Lao Tzu

1 post

The Paradoxical Poetry of Tao Te Ching

The Tao is the way. Too bad Machiavelli never heard of it. Or got to read it. If he had, The Prince might have been a different fellow. An unrecognizable one, in fact.

I like to read Lao Tzu’s paradoxical pages every now and then, and when I do, I reach for my copy of Tao Te Ching.  The wisdom here is unsettlingly logical. So un-Western. And in this day and age, sadly, so un-Eastern, too.

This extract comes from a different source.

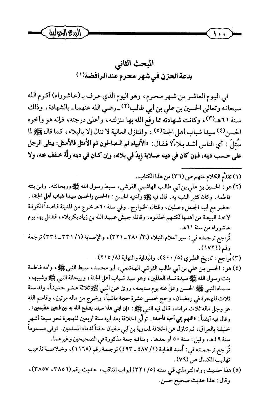 في اليوم العاشر من شهر محرم، وهو اليوم الذي عرف بـ (عاشوراء) أكرم الله سبحانه وتعالى الحسين بن علي بن أبي طالب - رضي الله عنهما - بالشهادة، وذلك سنة 61هـ (¬2) ، وكانت شهادته مما رفع الله بها منزلته، وأعلى درجته، فإنه هو وأخوه الحسن سيد اشباب أهل الجنة (¬3) ، والمنازل العالية لا تنال إلا بالبلاء، كما قال صلى الله عليه وسلم لما سُئِل: أي الناس أشد بلاءً؟ فقال: ((الأنبياء ثم الصالحون ثم الأمثل فالأمثل: يبتلى الرجل على حسب دينه، فإن كان في دينه صلابة زيد في بلائه، وإن كان في دينه رقّة خفف عنه، ولا

Here is one entry I particularly enjoyed. Like rivers and streams, the metaphor is simple yet deep. If only a few leaders I know (their weaknesses exposed one Tweet at a time) would read it. But that won’t happen unless it is read aloud to him. On Fox Channel story time. Which gives the fox–an otherwise fine animal–a bad name.


From Tao Te Ching:

The reason the river and sea can be regarded as
The rulers of all the valley streams
Is because of their being below them.
Therefore they can be their rulers.
So if you want to be over people
You must speak humbly to them.
If you want to lead them
You must place yourself behind them.

Thus the sage is positioned above
And the people do not feel oppressed.
He is in front and they feel nothing wrong.
Therefore they like to push him front and never resent him.

Since he does not contend

No one can contend with him.


The moral of our story: Lead from behind. Get on top from below. Be humble! Most of us have lost our way!